→ Input for this task
⟨

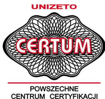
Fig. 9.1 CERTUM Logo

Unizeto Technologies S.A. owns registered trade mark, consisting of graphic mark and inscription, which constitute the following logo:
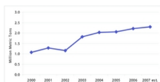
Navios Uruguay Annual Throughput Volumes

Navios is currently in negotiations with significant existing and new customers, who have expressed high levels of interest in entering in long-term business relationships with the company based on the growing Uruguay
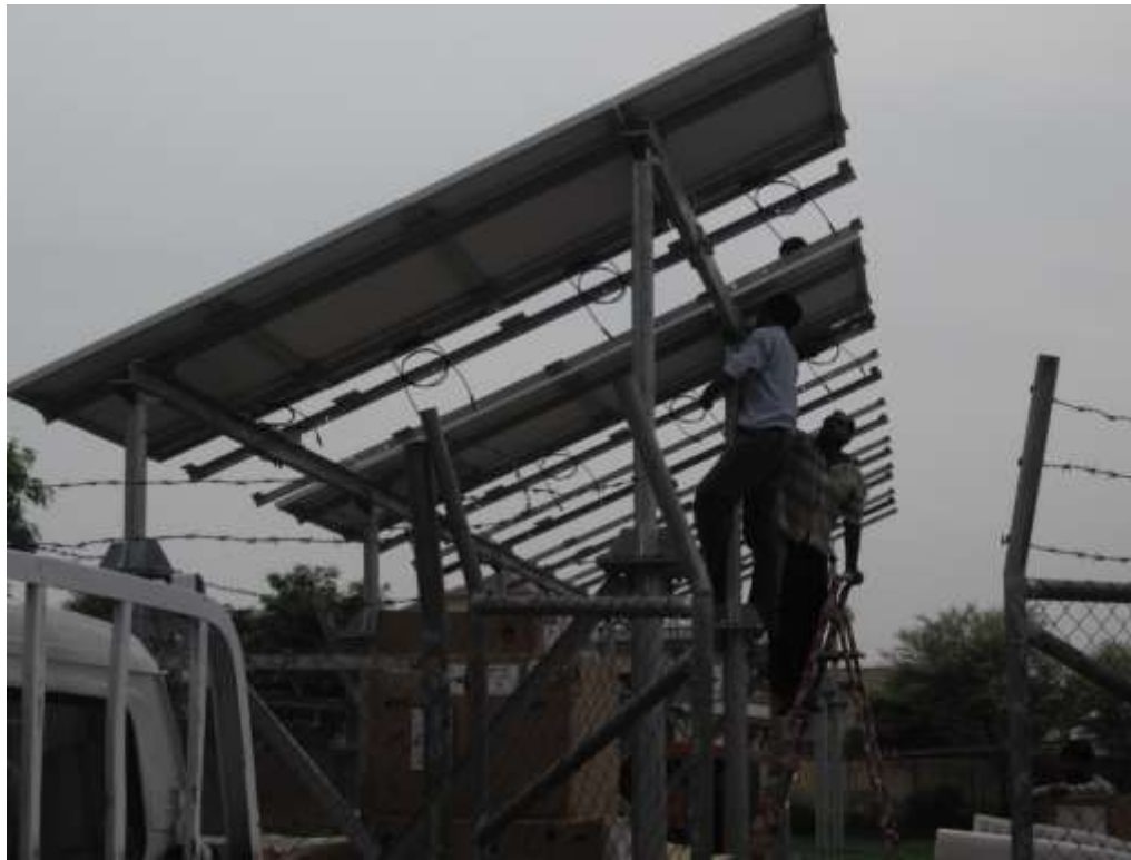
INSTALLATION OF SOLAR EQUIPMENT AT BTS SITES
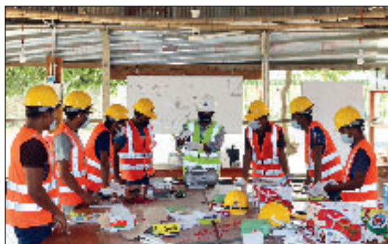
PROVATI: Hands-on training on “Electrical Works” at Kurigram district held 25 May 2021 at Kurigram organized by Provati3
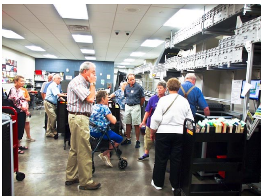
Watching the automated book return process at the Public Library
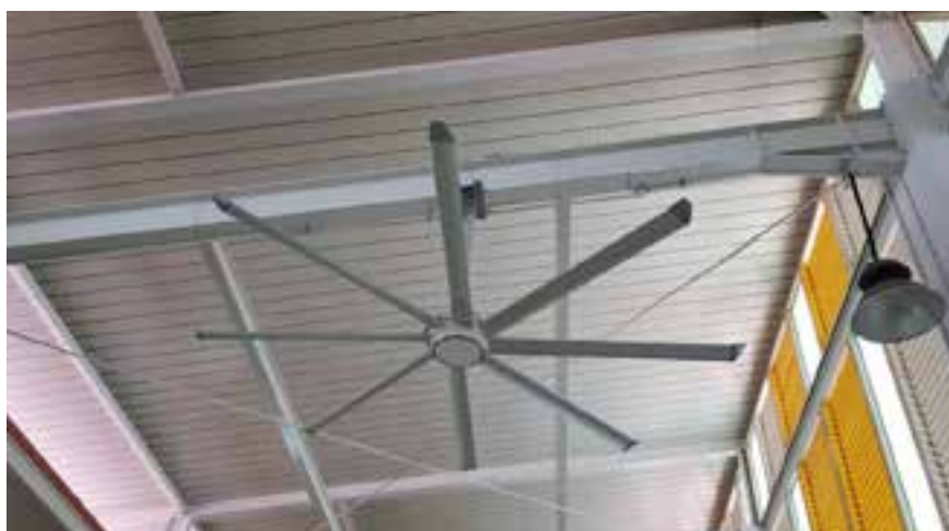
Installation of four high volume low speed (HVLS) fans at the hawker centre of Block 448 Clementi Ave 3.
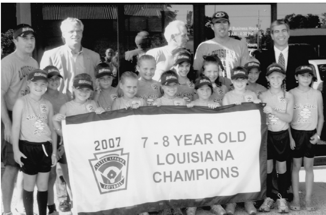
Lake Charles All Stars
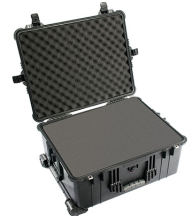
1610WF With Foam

⟩

→ The problem
The result should be a transcript of the lines from the line containing "Installation of four" through the end of the listing above, exact, inclusive, and without pictures.

→ Reply
Installation of four high volume low speed (HVLS) fans at the hawker centre of Block 448 Clementi Ave 3.
Lake Charles All Stars
1610WF With Foam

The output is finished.